**Exercise data:**

- - -

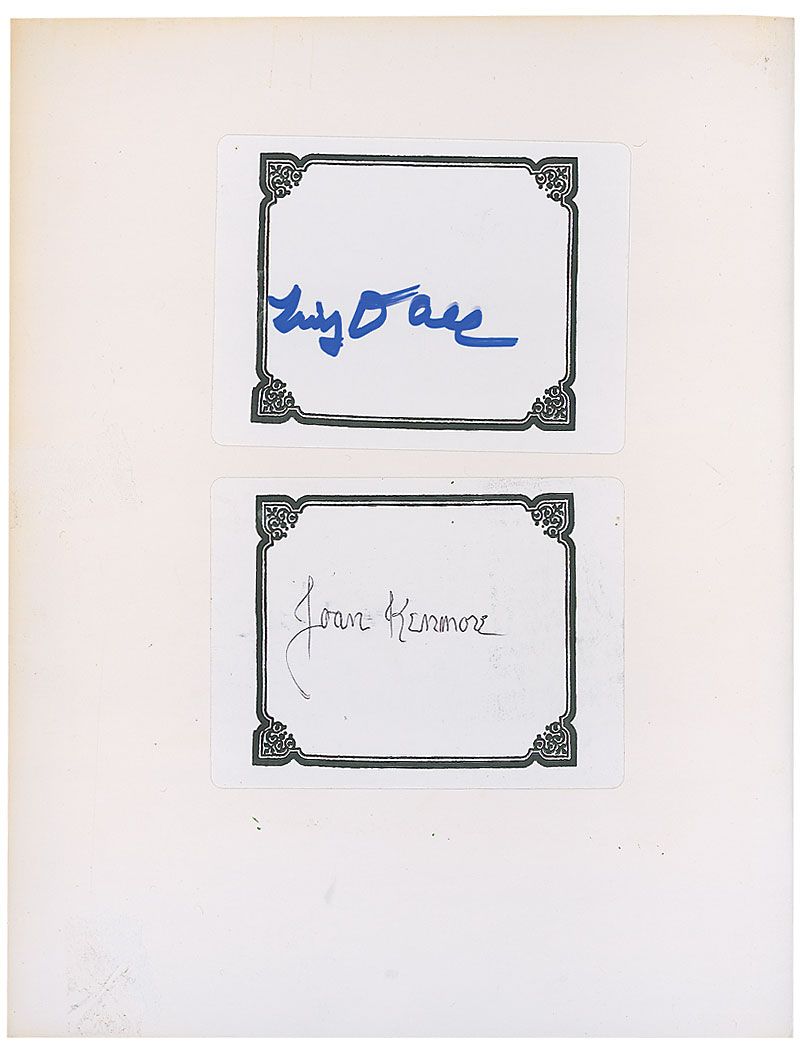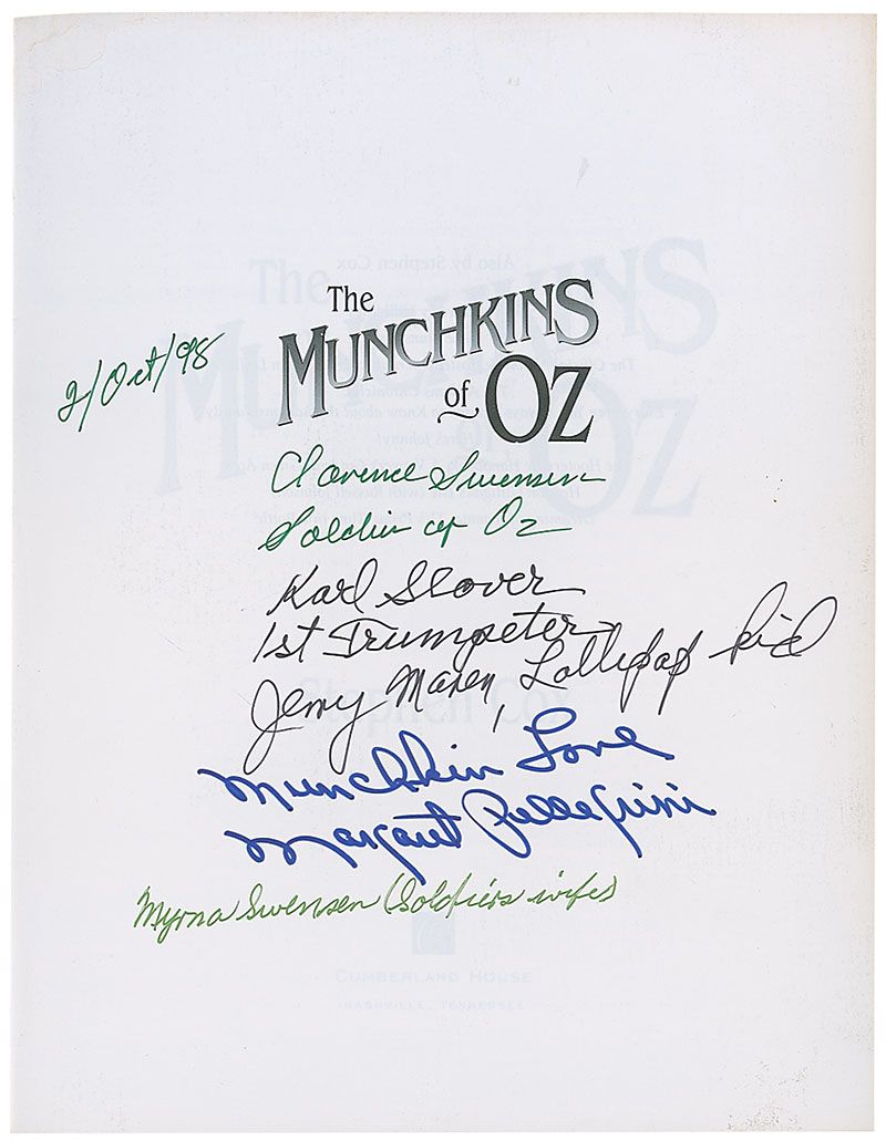 Signed book: The Munchkins of Oz. Later printing. Nashville: Cumberland House, 1996. Softcover, 8 x 10, 209 pages. Signed on the half-title page in felt tip and ink by Clarence Swensen, Karl Slover, Jerry Maren, Margaret Pellegrini, and Myrna Swensen, and signed in felt tip and ink on bookplates affixed to the inside front cover by Tiny Doll and Joan Kenmore. In fine condition, with some light handling wear and tape to inside of back cover.
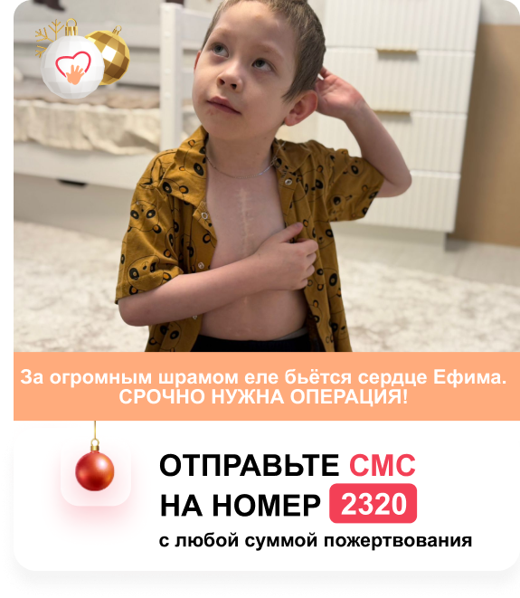 Сатурация не поднимается выше 80%. Малейшая активность приводит к одышке и ухудшению состояния. Ефиму срочно нужна операция, но в России семья получает лишь отказы. Состояние мальчика ухудшается. Только одна клиника может исправить сложнейший порок Ефима. Но стоимость операции огромна. Спасите Ефиму жизнь! Чудеса случаются если в них очень сильно верить. Семья маленького Ефима из Республики Коми сейчас живёт лишь верой в чудо. У Ефима опасный порок сердца, он нуждается в срочной операции, но в России её не делают. Всемирно известный кардиохирург Педро дель Нидо готов взять Ефима на радикальную коррекцию порока. Для этого в ближайшее время нужно оплатить счёт клиники. Помогите Ефиму, пока маленькое сердечко ещё бьётся! Первую операцию Ефиму провели сразу после рождения. Через месяц состоялась вторая операция. Состояние малютки не позволяло надолго откладывать очередной хирургическое вмешательство. «В 6 месяцев мы полетели на операцию Норвуда. К сожалению, у нас не получилось сразу сдела
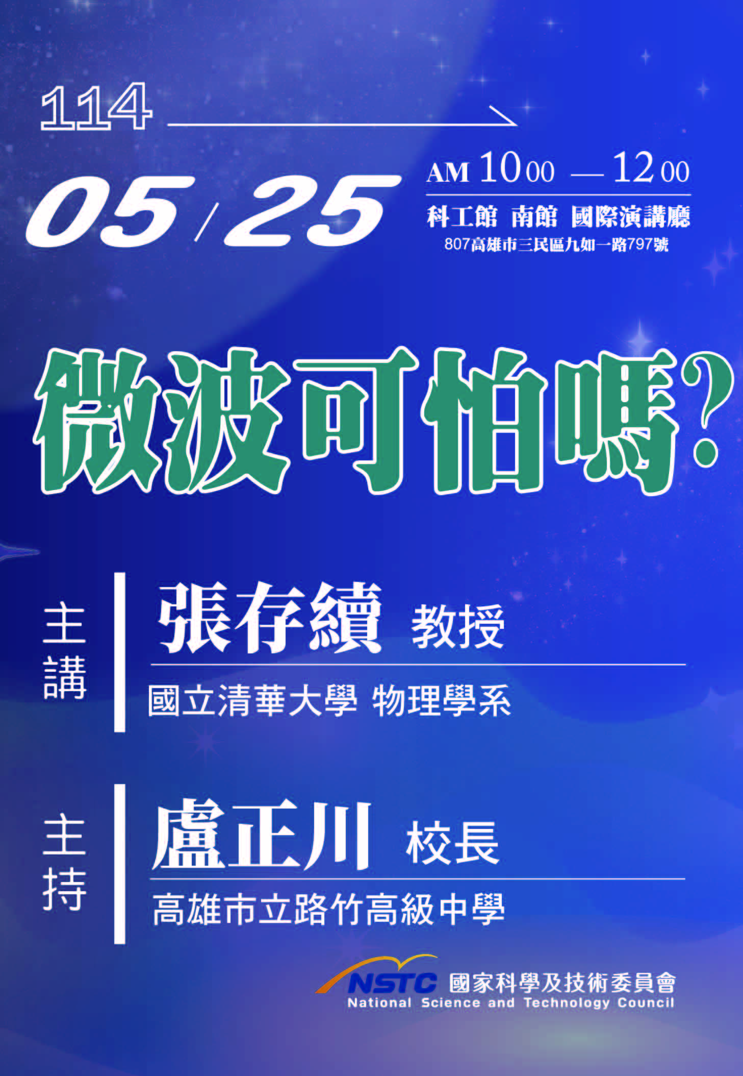 您是否曾經聽到別人說過「微波是一個很可怕的東西」,但有上過高中物理就知道,微波其實就是特定頻率間的電磁波,頻率越高能量也越高,但微波真的是我們該害怕的嗎?抑或是以訛傳訛?由國科會連續補助第22屆的週日閱讀科學大師講座,於114年05月25日上午10時,邀請國立清華大學物理系 張存續教授,主講「微波可怕嗎?」,帶領我們一起探討微波的原理及應用。

- - -

Pictures stay out; reproduce exactly the lines from the one containing "Сатурация не поднимается" through the last line of the listing, both included.

 Сатурация не поднимается выше 80%. Малейшая активность приводит к одышке и ухудшению состояния. Ефиму срочно нужна операция, но в России семья получает лишь отказы. Состояние мальчика ухудшается. Только одна клиника может исправить сложнейший порок Ефима. Но стоимость операции огромна. Спасите Ефиму жизнь! Чудеса случаются если в них очень сильно верить. Семья маленького Ефима из Республики Коми сейчас живёт лишь верой в чудо. У Ефима опасный порок сердца, он нуждается в срочной операции, но в России её не делают. Всемирно известный кардиохирург Педро дель Нидо готов взять Ефима на радикальную коррекцию порока. Для этого в ближайшее время нужно оплатить счёт клиники. Помогите Ефиму, пока маленькое сердечко ещё бьётся! Первую операцию Ефиму провели сразу после рождения. Через месяц состоялась вторая операция. Состояние малютки не позволяло надолго откладывать очередной хирургическое вмешательство. «В 6 месяцев мы полетели на операцию Норвуда. К сожалению, у нас не получилось сразу сдела
 您是否曾經聽到別人說過「微波是一個很可怕的東西」,但有上過高中物理就知道,微波其實就是特定頻率間的電磁波,頻率越高能量也越高,但微波真的是我們該害怕的嗎?抑或是以訛傳訛?由國科會連續補助第22屆的週日閱讀科學大師講座,於114年05月25日上午10時,邀請國立清華大學物理系 張存續教授,主講「微波可怕嗎?」,帶領我們一起探討微波的原理及應用。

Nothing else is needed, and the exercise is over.